On the way home he braced himself to speak of her to Sophy, who was spending the night at the rectory, to go back to Tubb's Ferry on the following afternoon. He trusted to the jostling of the crowds, as they walked down Broadway in the lamplight, to cover any confusion into which he might be betrayed, as he said:

"So that's the wonderful Miss Penrhyn."

"That's her." Sophy's way of speaking was Emma's despair. She looked up at him sidewise from under a fluffy fringe of hair imperfectly held in place by the scarf she had bound round her head and neck on coming out of the opera-house. Over her flimsy dress she wore a long fur coat in which she trudged heavily. She was a little thing. Everything about her was small but her mouth and her eyes, which were made for laughter and droll grimaces. "I wouldn't be crazy about her, you know," Sophy continued. "She didn't take much notice of you, did she?"

"I'm not crazy about her," he declared hastily. "I hardly looked at her at all."

"Well, you needn't be so touchy. She isn't bad looking."

"It's nothing to me whether she is or not," he asserted loftily.

"She'd make it something to you, if she wanted to. But she wouldn't want to—a boy of your age. She'd hardly see you—not if you were right under her feet, she wouldn't. She had a proposal last year—"

"What do I care?"

"I didn't say you cared, goosey. What difference would it make whether you cared or not—a young boy like you. You shouldn't be thinking of such things. Grandpapa 'ud be mad if he knew it."

"Knew what—for the Lord's sake?"

"Oh, well; we won't discuss it. She's got an air, too—Hilda has. She doesn't really dress well—all the girls at school said that—only she looks as if she did. I suppose you thought she was awfully stylish this afternoon?"

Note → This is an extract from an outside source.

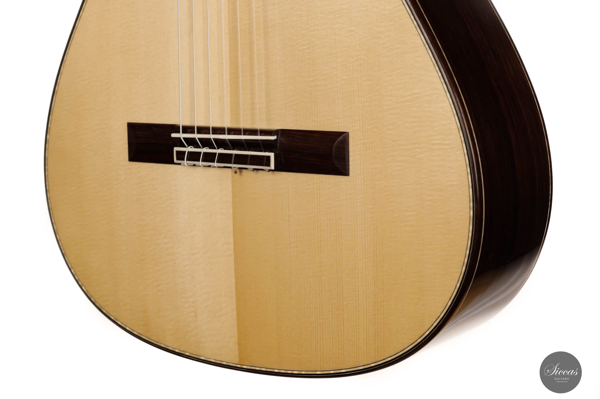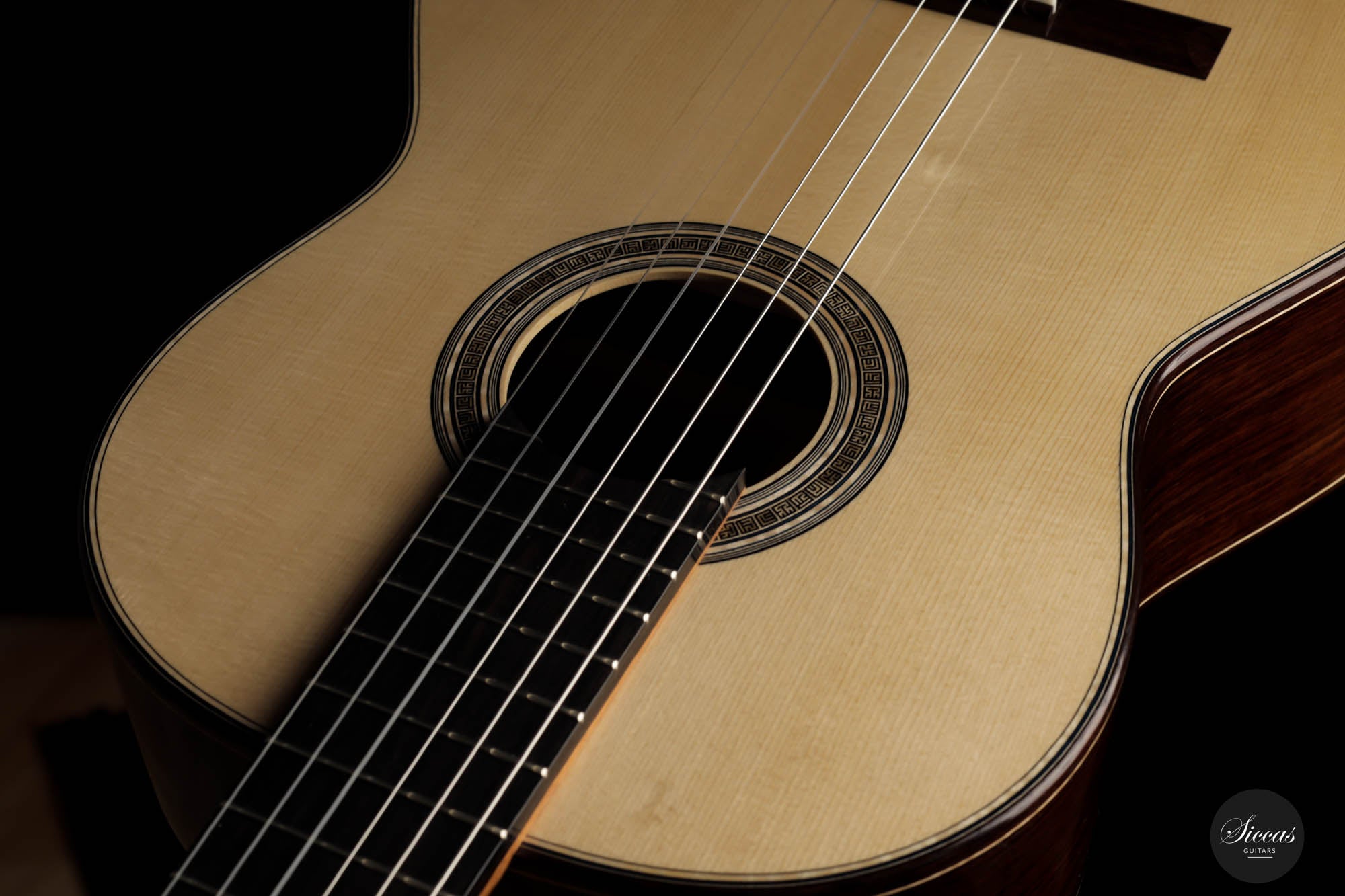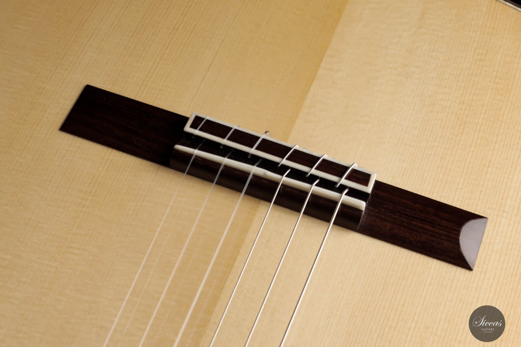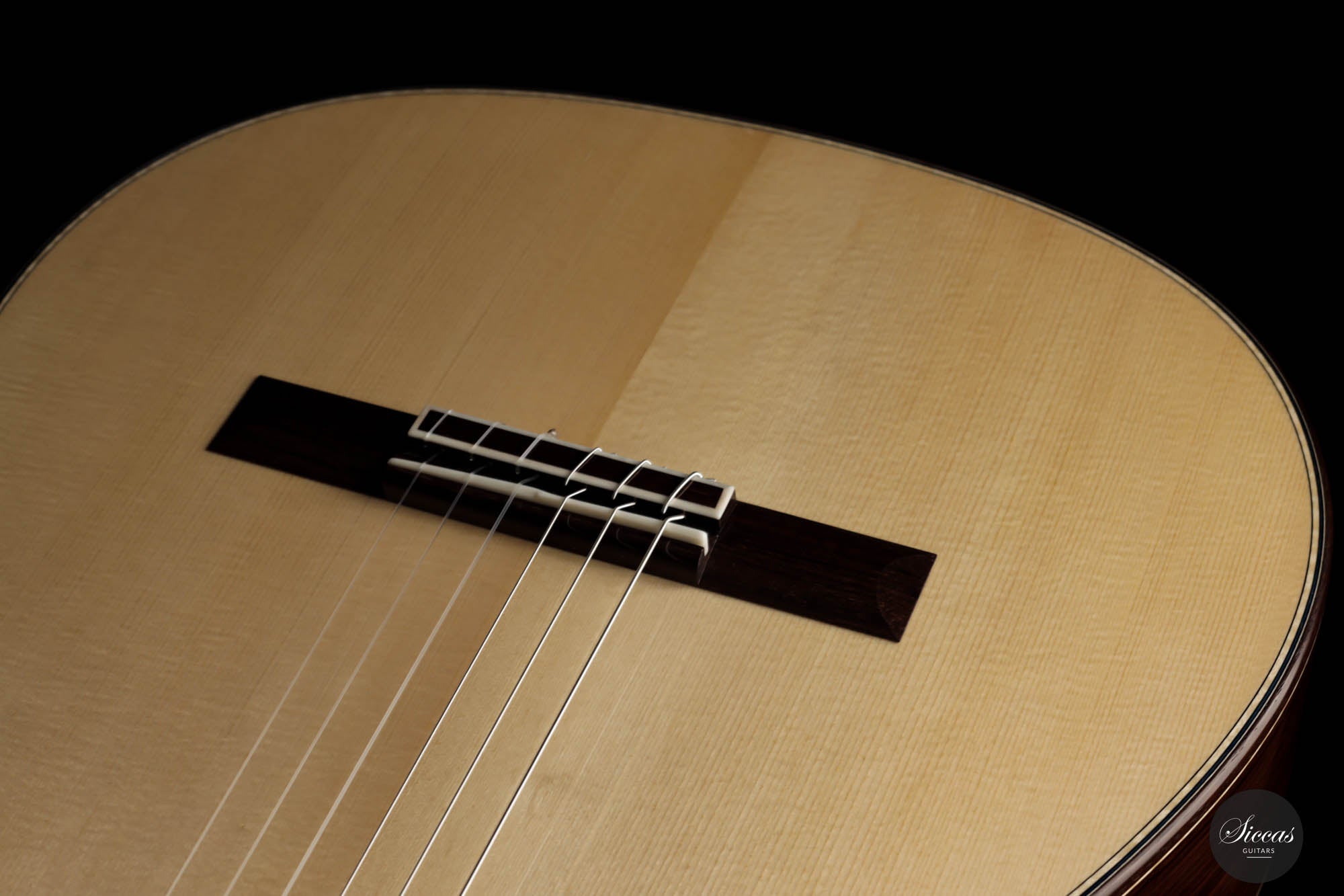 This beautiful instrument is a unique combination of a traditional Spanish guitar and a modern concert classical guitar. It has a traditional design that Jose L. Romanillos heavily influenced. Yet, it also features some modern elements in contemporary guitar making, such as elevated fingerboard, significant volume and projection, and excellent playability. This guitar displays Johanna's very high level of craftsmanship and artistry. The spruce soundboard was tuned to the F/F#, creating deep and hunting bass characteristics. Meanwhile, the crystal-clear trebles match the overall voicings in a charming proportion. This fine instrument is a true concert guitar that will fulfill the need of a guitarist of any level and for any concert situation.

"I tell you I didn't look at her."

"Well, she wasn't stylish; not a bit. She wore that thing all last winter. Couldn't you see how it was cut in front? They've been as poor as Job's turkey since Mr Penrhyn died. That's why they're going abroad."

At this information the ground seemed to sway beneath his footsteps. More than ever he wished he could put his fortune or his prowess at her disposal. He mastered himself sufficiently to say, with an air he tried to make jocular:

"Going abroad, are they? What good'll that do them?"

Sophy tittered. "It'll do them the good that perhaps she'll get married."

"Can't she get married over here?"

"That's what I say; but mother and Mrs Penrhyn think she'll do better in Europe. I suppose they'll get the same idea about me. They'll want me to have a baron or a count. Well, I'd just as soon. The girls at school say it's as easy as wink over there. So that's what Mrs Penrhyn is going to make a try at for Hilda. If it doesn't succeed, she can bring her back, you know."

"And what does Hilda say about it?"

"She doesn't say anything at all. That's not her style—to say things. She's awfully provoking that way. You never know what she thinks and yet she's always thinking. You can see she is. But you may talk and talk and talk to her, and in the end you're no wiser than you were before. I hate that in anyone, don't you? Not that it matters whether you do or not, because I could see she didn't like you."